■ **DATA TO USE**
╔══

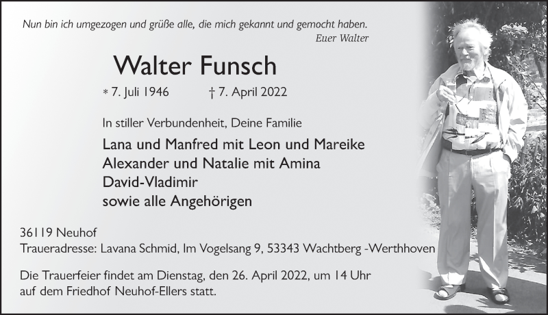 Hier finden Sie alle Traueranzeigen aus der Zeitung, die bisher für Walter Funsch erschienen sind. Weitere Traueranzeigen, die in der Zeitung erscheinen, werden hier ebenfalls aufgelistet
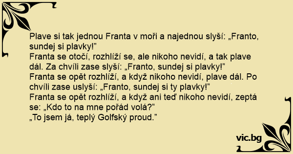 Plave si tak jednou Franta v moři a najednou slyší: „Franto, sundej si plavky!”
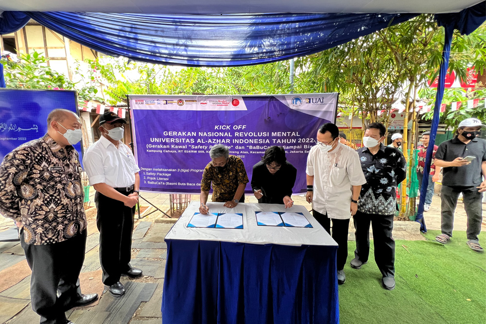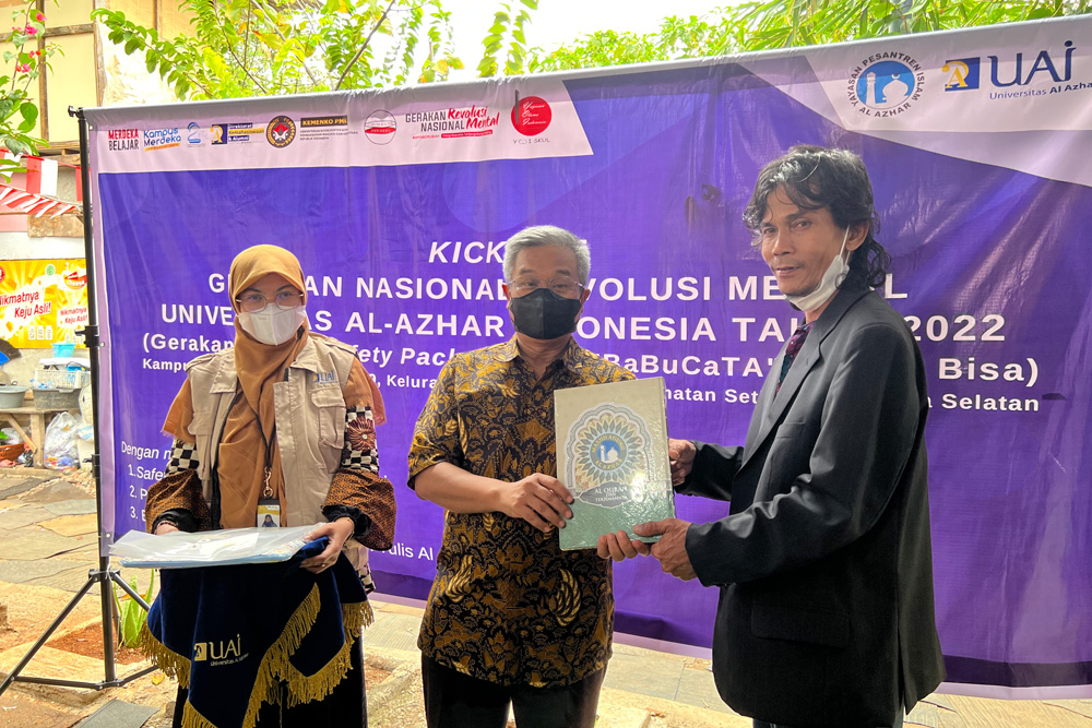 Secara simbolis dengan dukungan dari Rektor UAI, Menko PKM, kepada PIC GNRM UAI, Ibu Dr. Iin Suryaningsih, S.S., M.A dan mitra YOI school, Bapak Teguh untuk acara kegiatan GNRM UAI secara berkelanjutan, yaitu kegiatan BaBuCaTa (Baca Tulis Al Quran) sampai bisa, Pojok literasi dan safety package.
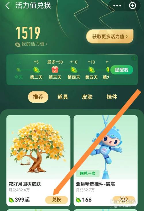 页面跳转到“活力值兑换”后,点击“花好月圆树皮肤”卡片右下方的【兑换】,如图所示。
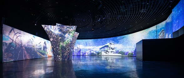 2020台灣燈會精采不斷!位於后里馬場園區的花舞館設置「環·台中光影燈區」,特別邀請新加坡金氏紀錄光雕投影團隊Hexogon Solution(賀喜),結合數位科技及投影技術,跳脫傳統燈座形式,打造9公尺高巨幅無邊界聲光投影,並結合嗅覺香氛等感官感受,是台灣燈會歷年來絕無僅有的體驗!
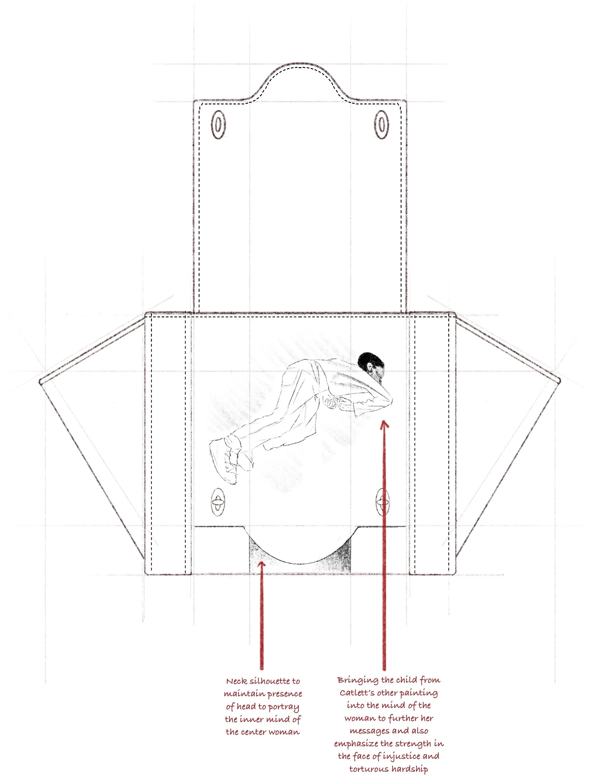 Disclaimer: I want to make it clear that I did not aim to represent or claim to have personal experience of what is shown in these works. I created this wearable art with the aim of bringing Elizabeth Catlett's powerful artworks to life and spreading her messages through my craft. A bag is more than just an accessory – it’s a chance to express something meaningful. Leather isn't just a material; it's skin telling a story of life. This Ode to Elizabeth bag was carefully designed to give her artworks a tangible form and further her powerful messages.
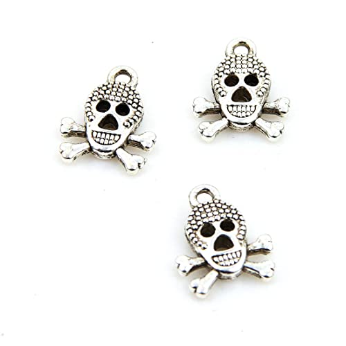 20 ciondoli a forma di teschio, 14 mm, in metallo, per collane, bracciali, fai da te
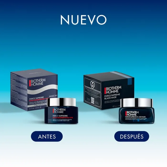 Force Supreme Black Mask de Biotherm Homme es una crema antiedad de noche que energiza, reafirma y revitaliza la piel.
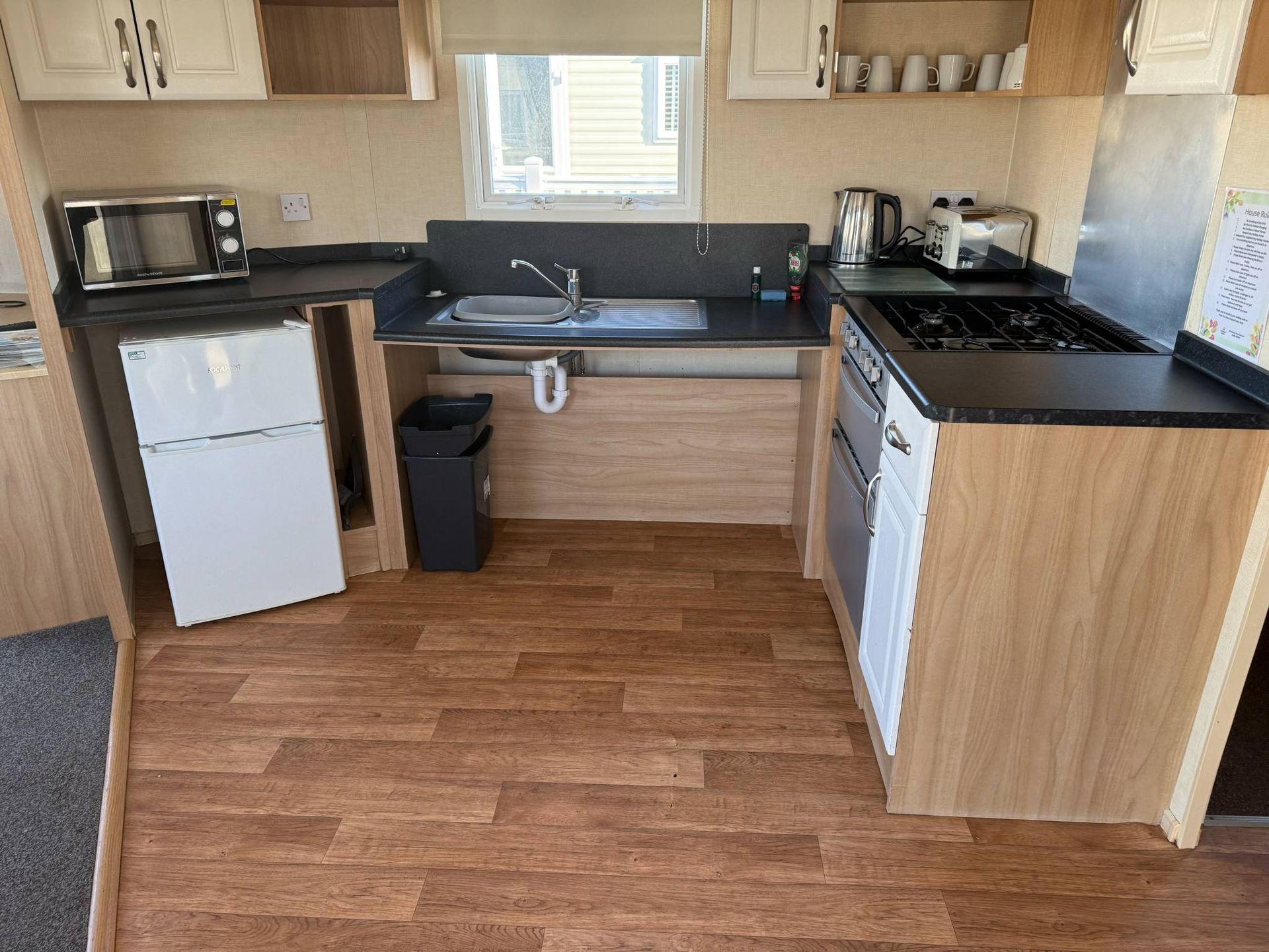 Fully equipped kitchen with fridge/freezer, kettle, toaster, microwave
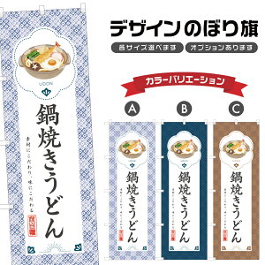 グッズプロ製造(ABCのデザインが選べるのぼり旗)でご相談ください。 内容 : 鍋焼きうどん サイズ : 一般サイズW60 × H180cm 素材 : ポンジ 補強 :...
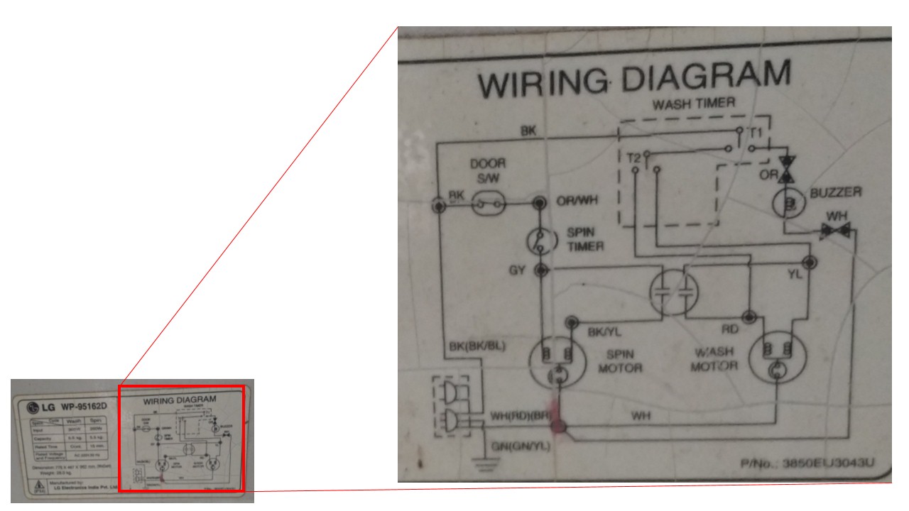 Below is an internal picture of a normal 6 kg washing machine. The motor which rotates and cleans the clothes has three wires. What we are seeing is that of red (RD), yellow (YL) and white (WH) color. A wire (WH) is connected directly to a wire of electricity and the remaining 2 strings are joined by the timer (once red then once yellow) by the regulator to the other electric wire.
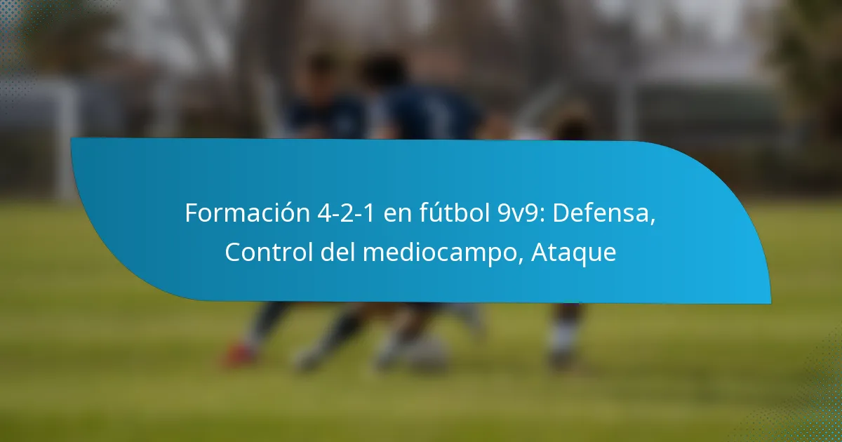 La formación 4-2-1 en el fútbol 9v9 es una disposición táctica que enfatiza una sólida estructura defensiva mientras permite un control efectivo del mediocampo y oportunidades de ataque. Esta formación consiste en cuatro defensores, dos mediocampistas centrales y un delantero, proporcionando un equilibrio entre defensa y ataque.
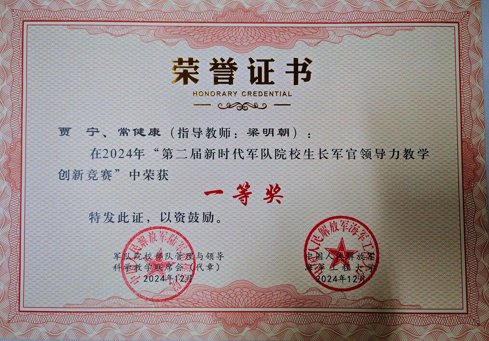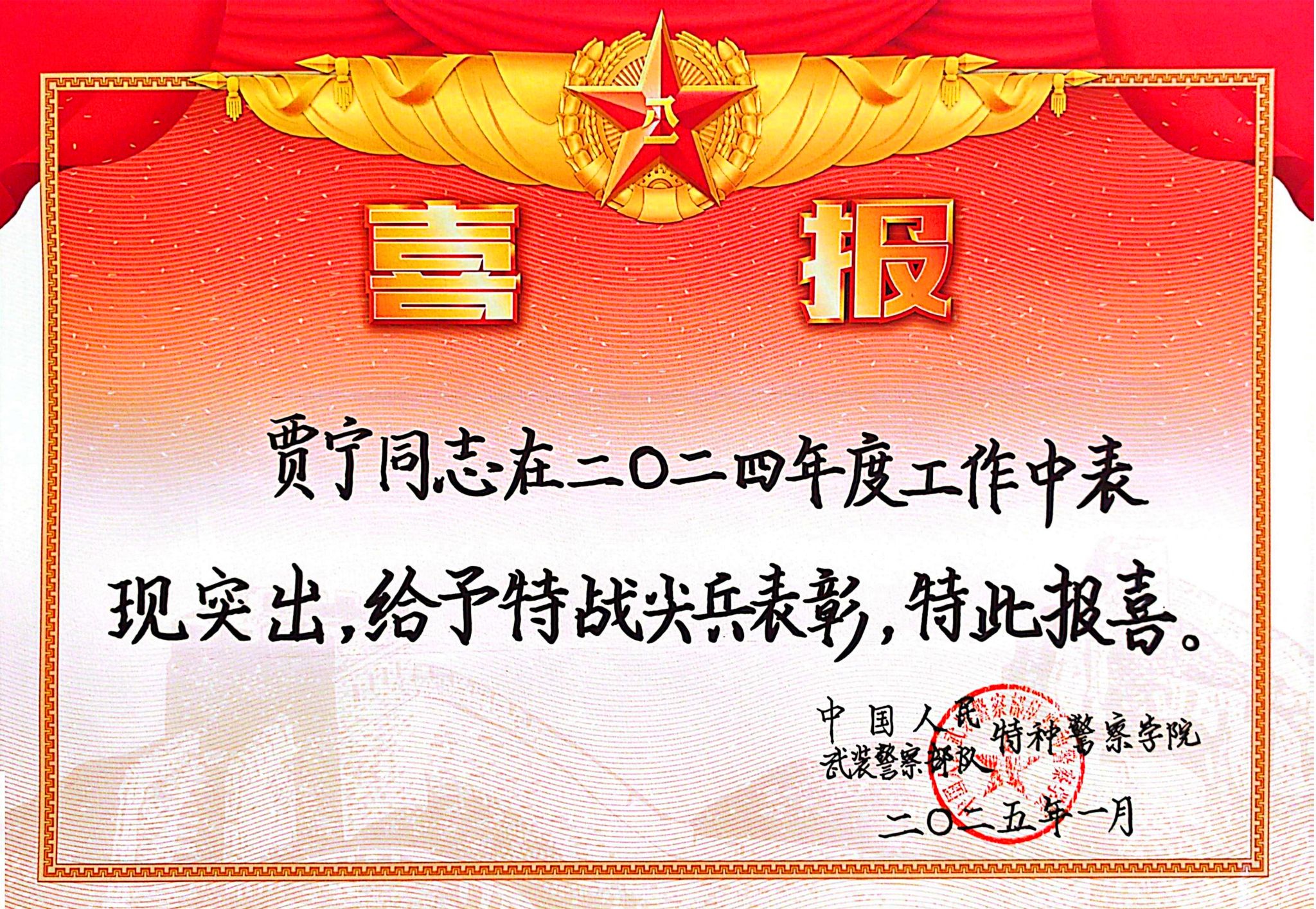近日,中國人民武裝警察部隊特種警察學院向學校發來喜報。我校原能源化工工程專業1701班學生,現中國人民武裝警察部隊特種警察學院學員賈寧,在2024年12月舉辦的第二屆新時代全軍院校生長軍官領導力培養教學創新競賽中榮獲全軍一等獎。2025年1月,被武警特種警察學院評為“特戰尖兵”,榮獲三級表彰,記嘉獎一次。

╚══

Above are the records; copy exactly the lines from the one with "Force Supreme Black" through the one with "Fully equipped kitchen", including both, and nothing more. Leave out pictures.

 Force Supreme Black Mask de Biotherm Homme es una crema antiedad de noche que energiza, reafirma y revitaliza la piel.
 Fully equipped kitchen with fridge/freezer, kettle, toaster, microwave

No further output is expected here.